Supplied entries:
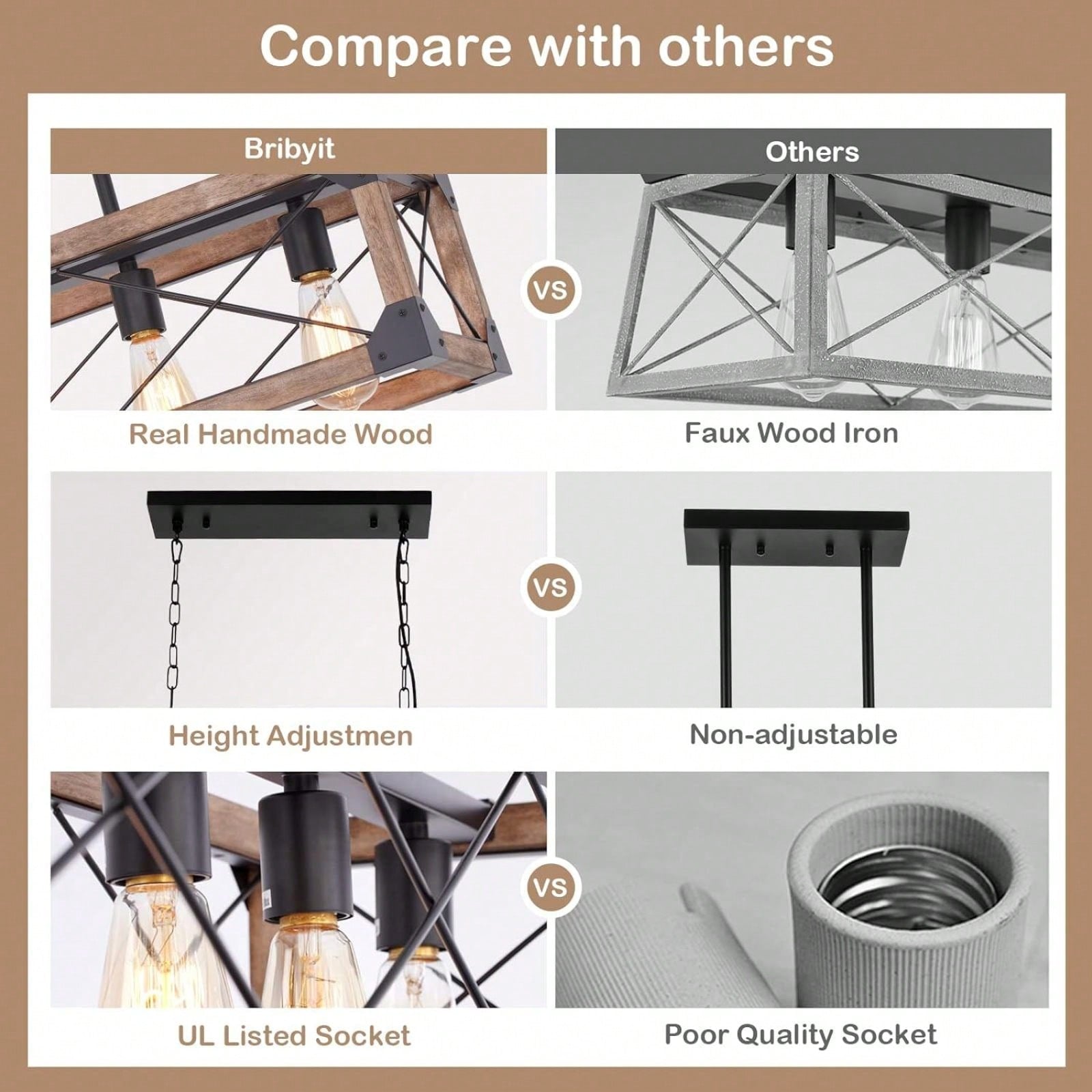 This elegant island light fixture brings a touch of farmhouse industrial style to any kitchen or dining area. The fixture features a sleek black metal canopy paired with a natural solid wood frame, accented by a slender black iron grille and eight iron corner guards. This light fixture is crafted with real, natural wood for an authentic look and feel. The adjustable height allows you to customize the look for your space, making it perfect for kitchen islands, dining tables, or bar areas.
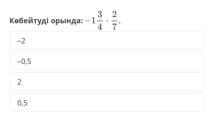 -1 3/4 * 2 / 7 = - 7 / 4 * 2 / 7 = - 7 * 2 / 4 * 7 = - 2/4 = -0,5
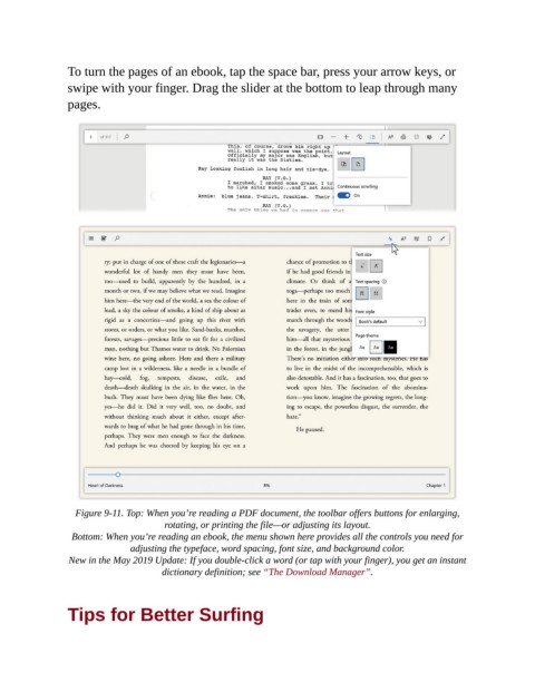 Figure 9-11. Top: When you’re reading a PDF document, the toolbar offers buttons for enlarging,
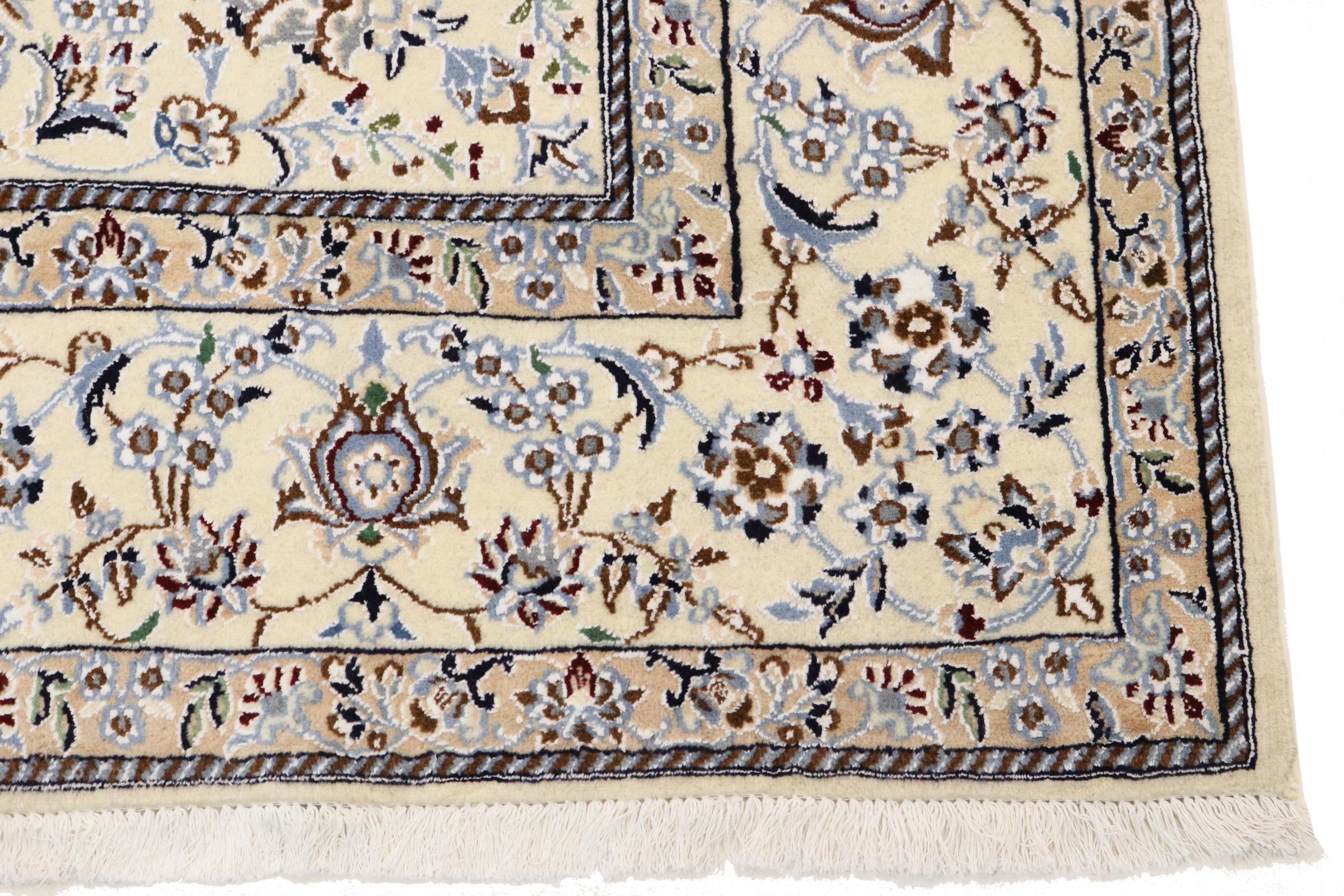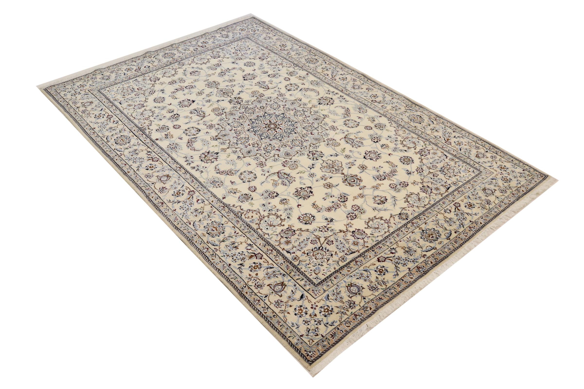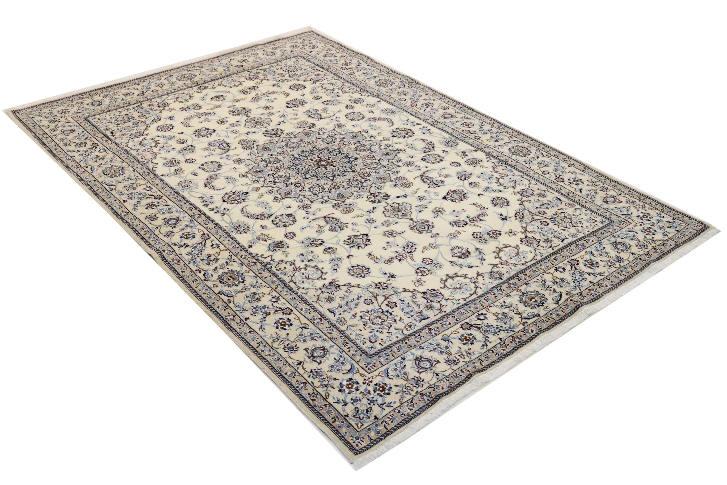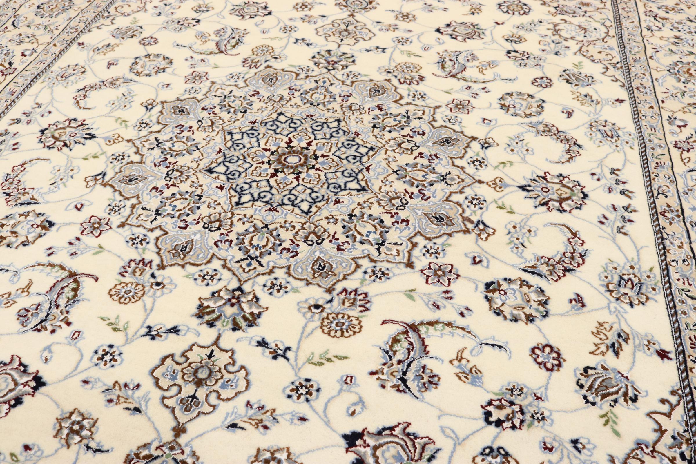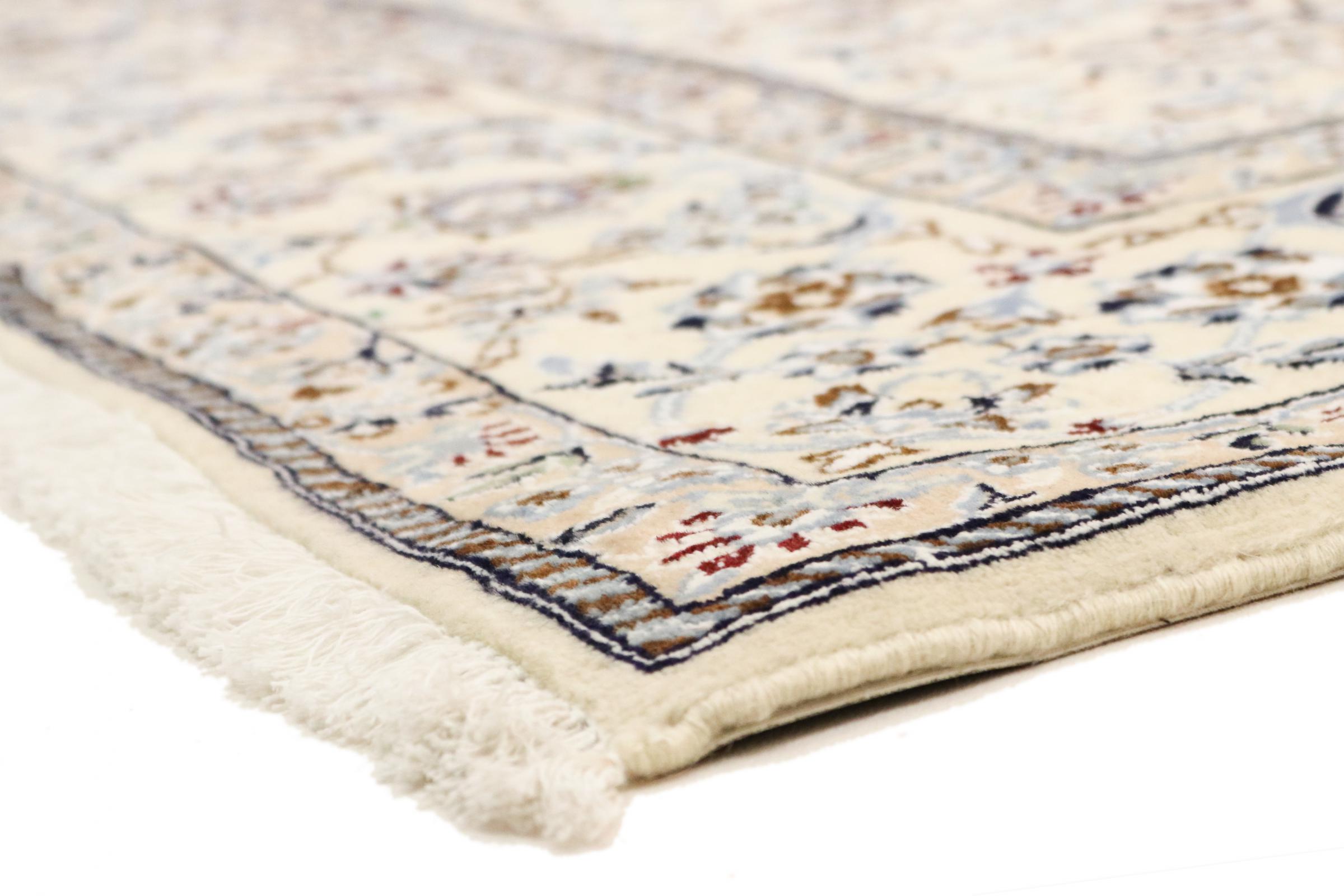Dette Nain tæppe er vurderet til 12La. Det ser elegant og ædelt ud i sit typiske Nain-farveskema. Dette persiske tæppe blev håndknyttet af højkvalitets uld og natursilke i byen Nain, som ligger i den vestlige udkant af Dasht-e-Kavir-ørkenen. Med 12La er den ikke så fint og detaljeret udsmykket som en Nain 9La eller 6La.
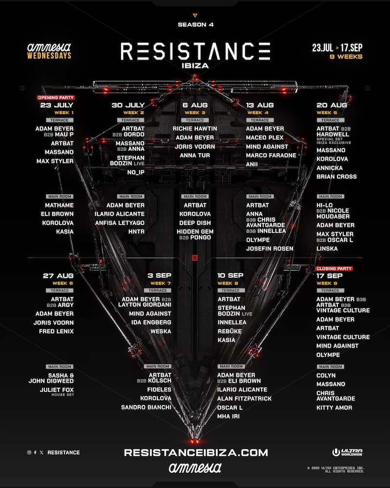RESISTANCE Ibiza Reveals Full 2025 Season Calendar With Insane B2Bs EDMTunes
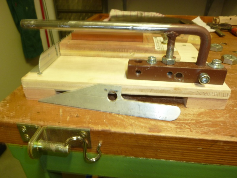 Deine Vorrichtung sieht schon richtig gut aus. Eine kleine Verbesserung scheint mir aber nötig. Um zu verhindern daß auf dem Stein immer in der gleichen Bahn geschliffen wird sollte deine "Schleiflade" so eingestelltsein, daß durch verschieden breite Zwischenlage-Leisten die Steinabnutzung über die Steinbreite variiert werden kann.

Assignment:
Give back the data exactly. Skip any images.

Answer box:
 This elegant island light fixture brings a touch of farmhouse industrial style to any kitchen or dining area. The fixture features a sleek black metal canopy paired with a natural solid wood frame, accented by a slender black iron grille and eight iron corner guards. This light fixture is crafted with real, natural wood for an authentic look and feel. The adjustable height allows you to customize the look for your space, making it perfect for kitchen islands, dining tables, or bar areas.
 -1 3/4 * 2 / 7 = - 7 / 4 * 2 / 7 = - 7 * 2 / 4 * 7 = - 2/4 = -0,5
 Figure 9-11. Top: When you’re reading a PDF document, the toolbar offers buttons for enlarging,
Dette Nain tæppe er vurderet til 12La. Det ser elegant og ædelt ud i sit typiske Nain-farveskema. Dette persiske tæppe blev håndknyttet af højkvalitets uld og natursilke i byen Nain, som ligger i den vestlige udkant af Dasht-e-Kavir-ørkenen. Med 12La er den ikke så fint og detaljeret udsmykket som en Nain 9La eller 6La.
RESISTANCE Ibiza Reveals Full 2025 Season Calendar With Insane B2Bs EDMTunes
 Deine Vorrichtung sieht schon richtig gut aus. Eine kleine Verbesserung scheint mir aber nötig. Um zu verhindern daß auf dem Stein immer in der gleichen Bahn geschliffen wird sollte deine "Schleiflade" so eingestelltsein, daß durch verschieden breite Zwischenlage-Leisten die Steinabnutzung über die Steinbreite variiert werden kann.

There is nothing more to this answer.